Search code examples
pythonapproximationbloom-filter

How can I get the size of bloom filter set while using union or intersection function?


I'm trying to get the size of bloom filter set while using bloom filter's union & intersection functions with python package(https://github.com/jaybaird/python-bloomfilter.git)

I though that after conducting the function 'union' or 'intersection', then I could get the result by adding len() function, but it just print out only '0' output.

from pybloom import BloomFilter
bf1 = BloomFilter(1000)
bf2 = BloomFilter(1000)

# After adding some elements to bf1 and bf2
print(len(bf1.union(bf2)))
# expected max(len(bf1), len(bf2)) but the result was 0

After I find the document page, I realized that the len() option become disabled after 'union' function and its actual result len() was 0.

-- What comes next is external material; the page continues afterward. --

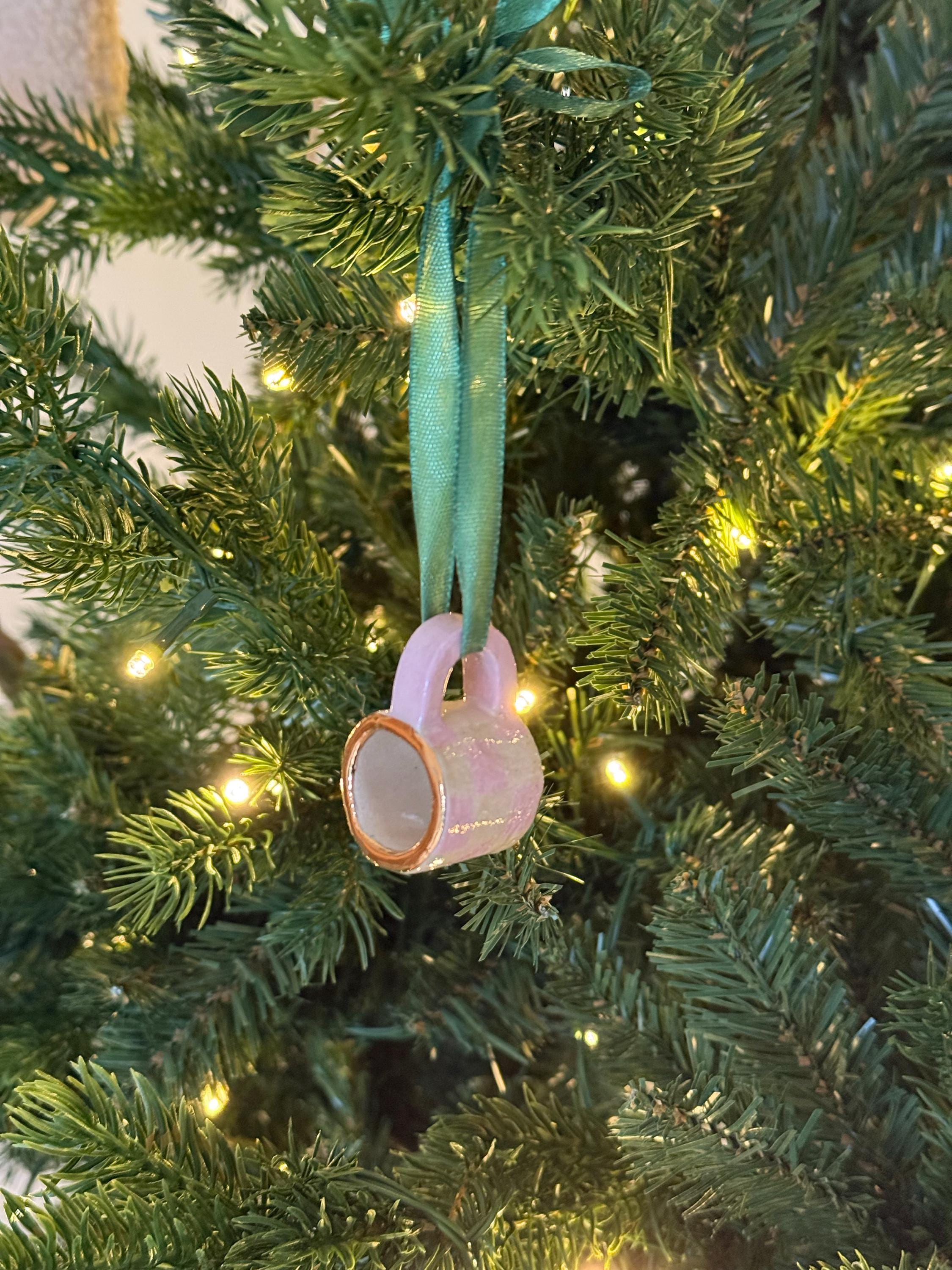 Mini ornamental ceramic mug for the Christmas tree featuring a vibrant hand-painted design. Finished with genuine gold lustre accents, this unique piece can add a festive touch to your tree. It comes with a green ribbon for easy hanging, making it perfect for the holidays or as a year-round decorative accent.

Instead, I want to approximate the size of bloom filter set somehow. Do you have any idea in order to calculate the size of it?


Solution

  • The implementation only copies BloomFilter's bitarray, i.e. self.bitarray. The elements self.count in previous filters are not counted in.

    So it doesn't union the elements - but do a bitarray or.


    Update:

    In most cases you don't need to approximate the count. It provided a precise count of elements when you call add, and you can just call len(bf3). Unfortunately new created bf3 has not been called add so len(bf3) == 0.

    For the formula to approximate number of elements,

    - m / k * ln(1- n / m)
    

    You have

    import math.log as ln
    
    m = bf3.bitarray.length()
    n = bf3.bitarray.count()
    k = bf3.num_slices
    
    # given m=20, n=8, approximate n elements as 5.89